Muitas pessoas acreditam que proteína serve apenas para “ganhar músculo”. Mas a verdade é que ela é essencial para imunidade, cicatrização, hormônios, pele, cabelo e unhas. Quando a ingestão é baixa, o corpo começa a economizar proteína para as funções vitais — e outros sistemas acabam sofrendo. Esse efeito é mais pronunciado em pessoas com mais idade.

 

Sinais de falta de proteína

• perda de força
• queda de massa muscular
• fome frequente
• cabelos e unhas frágeis
• recuperação arrastada após doenças ou exercícios

• metabolismo lento
• fadiga sem explicação

Qualidade de vida e longevidade

Com o avanço da idade, o risco aumenta: estima-se que até metade das mulheres acima de 70 anos consuma bem menos proteína do que deveria. Garantir um aporte adequado deste macronutriente é uma das estratégias mais simples para preservar massa muscular, imunidade e qualidade de vida ao longo dos anos.

 

Pouca proteína pode desacelerar a tireoide.

Proteína insuficiente pode, sim, bagunçar o eixo tireoidiano — e isso costuma passar despercebido. O eixo tireoidiano envolve hipotálamo, hipófise e tireoide, trabalhando em sequência para produzir e regular os hormônios tireoidianos. Quando a ingestão proteica é muito baixa, especialmente se vier junto com restrição calórica, perda de peso importante ou desnutrição, o organismo entra em “modo economia”. Nesse contexto, tende a reduzir a atividade tireoidiana para poupar energia.

 

A essencial conversão de T4 em T3

Um dos achados mais comuns é a queda de T3, o hormônio tireoidiano mais ativo, geralmente por menor conversão de T4 em T3 nos tecidos.

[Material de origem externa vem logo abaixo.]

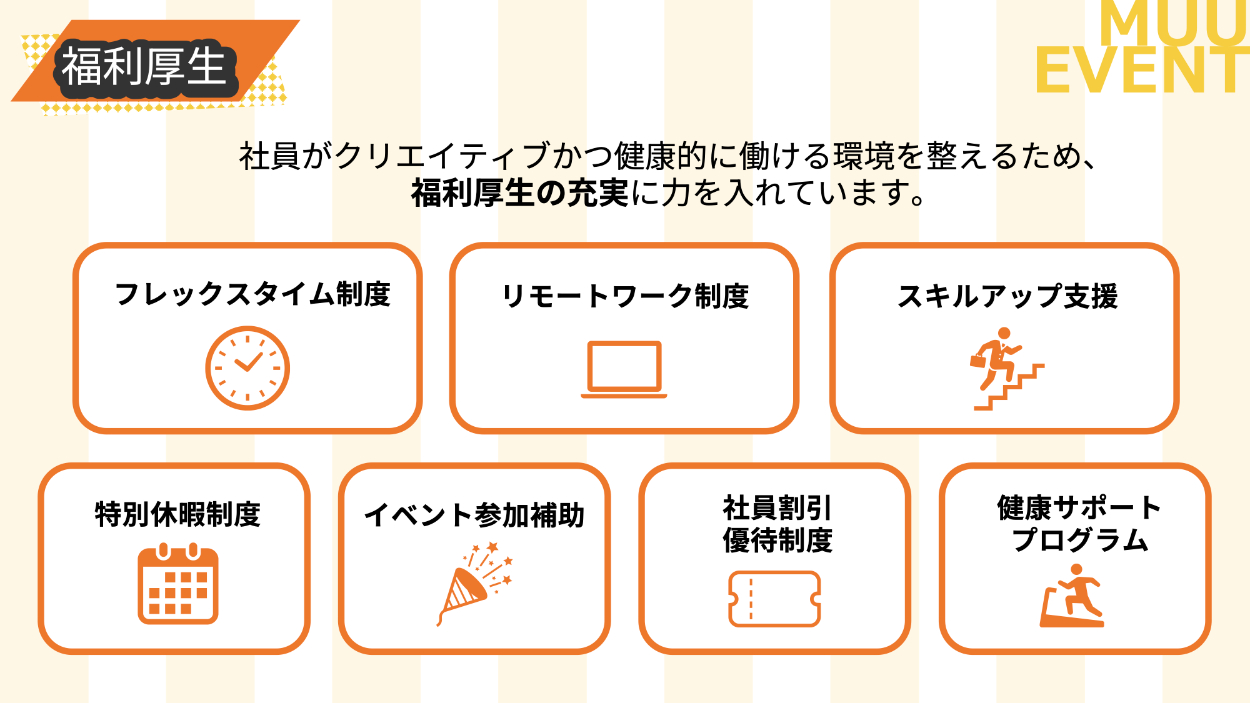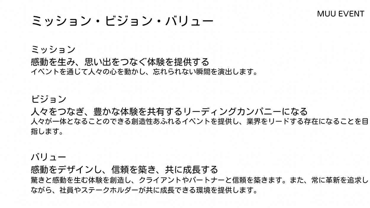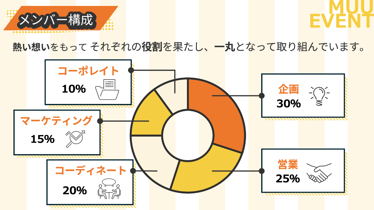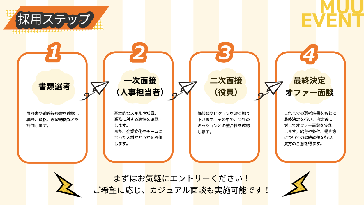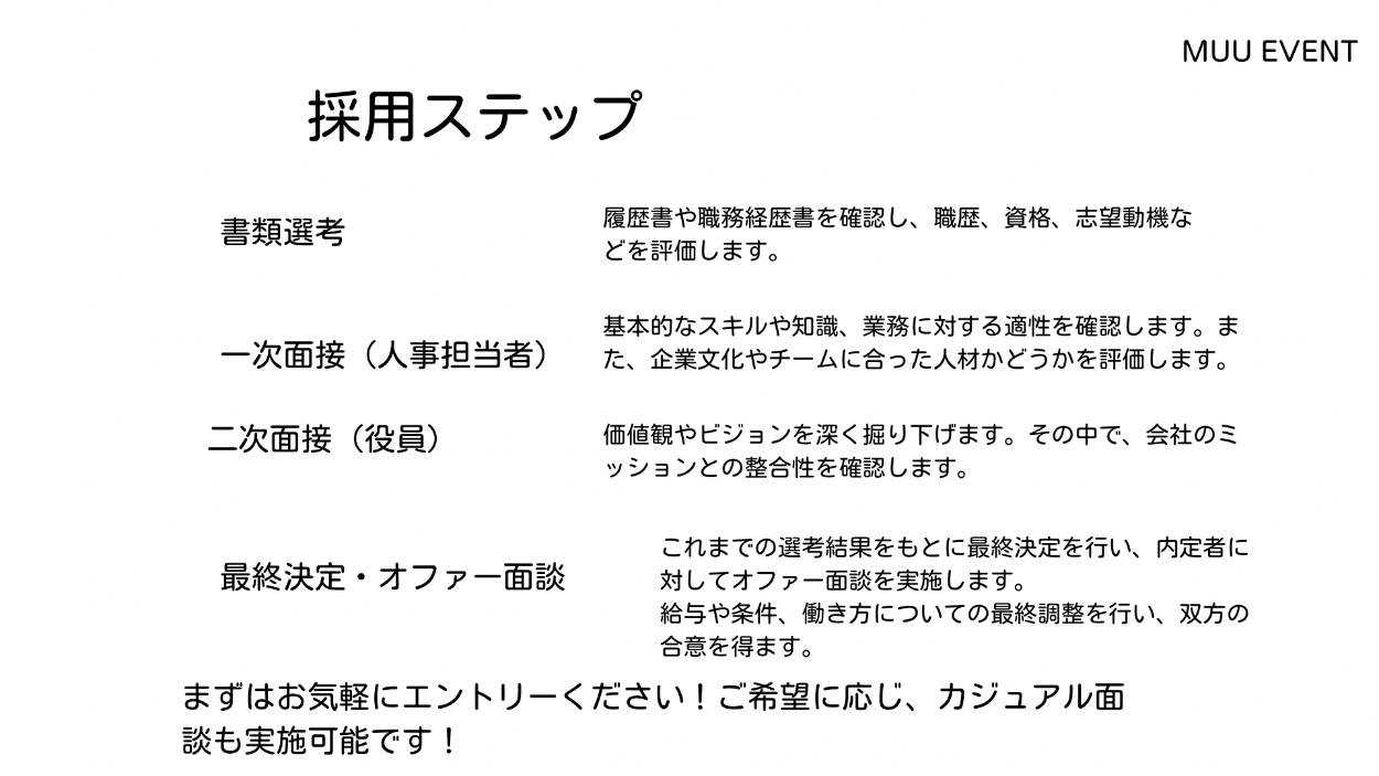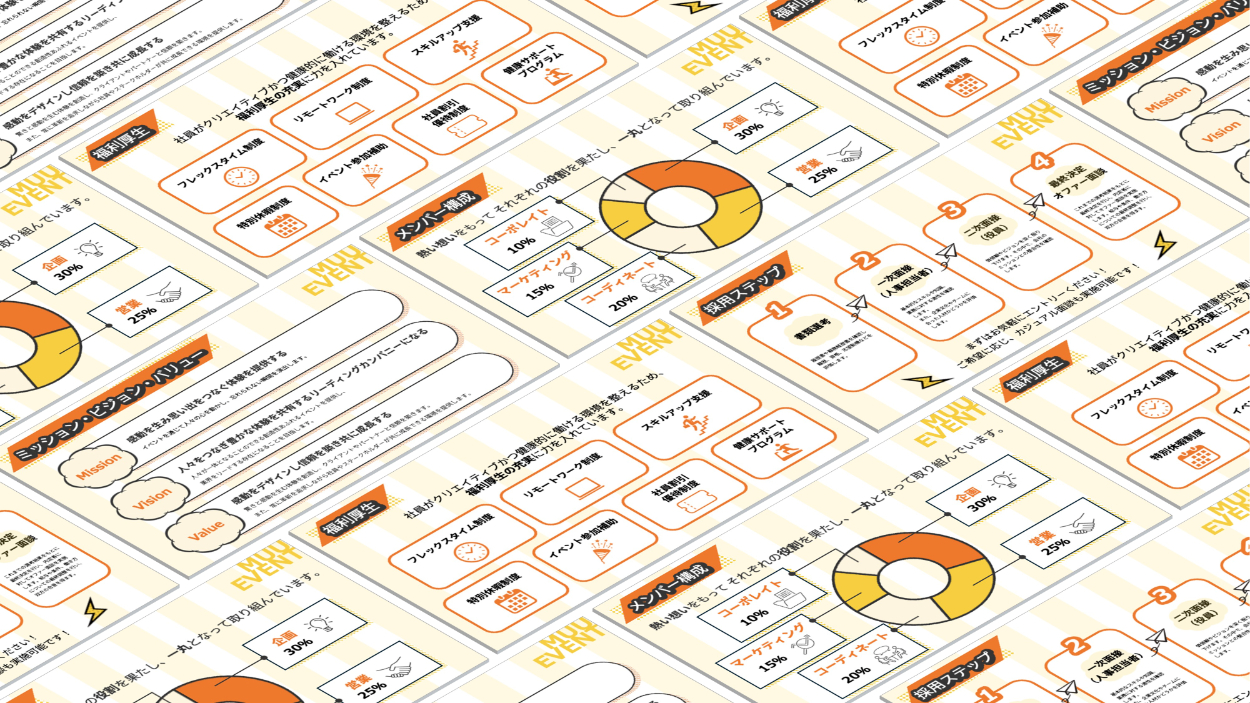 資料デザインコミュニティMUUTOWNの課題として、架空のイベント企画会社の採用資料制作に取り組みました。【制作期間:8時間/使用ツール:PowerPoint・Illustrator】

Isso acontece porque o corpo tenta frear o gasto energético basal – o metabolismo fica “lento”. Em quadros mais intensos ou prolongados, podem ocorrer também redução de TRH e TSH (hormônios do hipotálamo e hipófise que comandam a tireoide), além de menor síntese, transporte e metabolismo adequado dos hormônios tireoidianos.

 

O eixo tireoidiano desacelera

Além disso, deficiência proteica raramente vem sozinha — muitas vezes há baixa ingestão de selênio, zinco, ferro e iodo, nutrientes fundamentais para a fisiologia tireoidiana.  Em resumo, sem proteína suficiente, o corpo entende que não é hora de manter um metabolismo alto. Resultado: o eixo tireoidiano tende a desacelerar, principalmente com queda de T3 e menor eficiência metabólica.

 

Sinais clínicos de tireoide alterada

Os possíveis sinais clínicos incluem: fadiga, frio excessivo, queda de cabelo, pele seca, perda de massa muscular, lentidão metabólica, ganho de peso, dificuldade de recuperação, constipação, alteração no colesterol e pouca adaptação ao estresse fisiológico.

 

Quanta proteína ingerir

Você costuma prestar atenção na quantidade de proteína que consome por dia?

 - A maioria dos adultos precisa de cerca de 1 g por kg de peso por dia.

- Idosos e pessoas ativas podem precisar de 1,2 a 1,5 g por kg de peso por dia.

 

Texto elaborado por: Dra. Tamara Mazaracki. 

 

Título de Especialista em Nutrologia –  Associação Brasileira de Nutrologia;

 

Membro Titular da ABRAN – Associação Brasileira de Nutrologia; 

 

Pós-graduação em Medicina Ortomolecular, Nutrição Celular e Longevidade – FACIS-IBEHE – Faculdade de Ciências da Saúde de São Paulo e Centro de Ensino Superior de Homeopatia;

 

Pós-graduação em Medicina Estética – Instituto Brasileiro de Pesquisa e Ensino – IBRAPE.

 

As informações contidas neste blog, não devem ser substituídas por atendimento presencial aos profissionais da área de saúde, como médicos, nutricionistas, psicólogos, educadores físicos e etc. e sim, utilizada única e exclusivamente, para seu conhecimento.

 

Referências Bibliográficas:

*Nutrients 2025. Protein and Aging: Practicalities and Practice.

*Am J Clinical Nutrition 2024. Dietary protein intake in midlife in relation to healthy aging - results from the prospective Nurses' Health Study cohort.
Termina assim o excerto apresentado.